Hematoxylin and Eosin (H&E) Staining
After sacrifice, hearts were harvested and fixed with 4% formalin for 24 h and embedded in paraffin. 5-µm serial sections were stained with H&E. Histological analysis was performed by an experienced pathologist blinded to the experimental groups using an Olympus BX60 microscope (Tokyo, Japan).

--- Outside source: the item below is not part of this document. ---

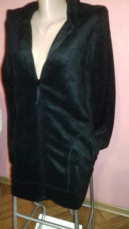 Мягкая, тёплая флисовая кофта, с высокой горловиной, цвет чёрный. Состояние отличное, дефектов нет. Замеры -длинна 77см, плечи 39-40, рукава 64см. По груди 106см, бедра 110 см. За дополнительной информацией пишите Пересылка только по предоплате или через Безопасная оплата

Terminal Deoxynucleotidyl Transferase dUTP Nick-end Labeling (TUNEL) Staining
TUNEL staining was performed with an in situ cell death detection kit according to the manufacturer’s instructions. Slides were mounted in DAPI containing Vectashield (Vector) and visualized with an Olympus BX60 microscope (Tokyo, Japan).
Western Blot
The heart tissues were harvested, washed in PBS three times and then homogenized in lysis buffer with protease inhibitors. Protein concentration was determined by bicinchoninic acid assay assay. Samples with 50 µg protein were run on a 10% sodium dodecyl sulfate (SDS)-polyacrylamide gel, and proteins were electrotransferred to PVDF membranes. The membranes were blocked with 5% non-fat milk in PBS for 1 hr and then incubated with primary antibodies at 4 oC overnight. After washing, blots were washed with PBS, and then incubated with the horseradish peroxidase-conjugated secondary antibody for 1 hr. Signals were detected using an ECL kit (Bio-Rad, Hercules, CA, USA).
Microcirculation
A video microscope, namely the sidestream dark field imaging (MicroScan, Microvision Medical, Amsterdam, Netherlands) was used for the observation of the microcirculation. Shortly, a handheld video microscope emits stroboscopic green light, which is absorbed by the erythrocytic hemoglobin and released back immediately. The images of the erythrocytes moving in the micro-vessels are transmitted to the camera through the microscope, thereby obtaining a non-invasive real-time image of the microcirculation. The microcirculation of the experimental animals at 0, 1, 2, 4, and 6 hr after ROSC was recorded by manual operation. In order to observe the intestinal microcirculation, 2–3 cm segment of jejunum has been isolated. Additionally, it has been coated with gauze soaked in warm saline. The mesentery on the serosal side was used as an observing region to evaluate intestinal microcirculation. After the observation, the intestine was back to the peritoneal cavity. The abdominal wall was sutured, and the skin incision was closed through the mode of a wound clip. The images were stored and analyzed offline using AVA-Automated Vascular Analysis 3.1 (Microvision Medical) to obtain Perfused vessel density (PVD) and microvascular flow index (MFI) parameters. These parameters were calculated for microvessels (≤ 20 µm in diameter). For PVD, microvessels were classified as either perfused (hyperdynamic, continuous or slow blood flow in the vessels) or non-perfused (intermittent or no blood flow) based on the microcirculation. For the quantification of MFI, the images were put into four parts. In addition, the microcirculatory condition was shown in a scheduled scale.
Statistical Analysis
Data were presented as mean ± SD and analyzed by SPSS 17.0 (SPSS Inc, Chicago, IL, USA). Data between two groups were compared using the Student’s t-test; data among multiple groups were compared using one-way analysis of variance (ANOVA). A value of p < 0.05 was considered significant difference.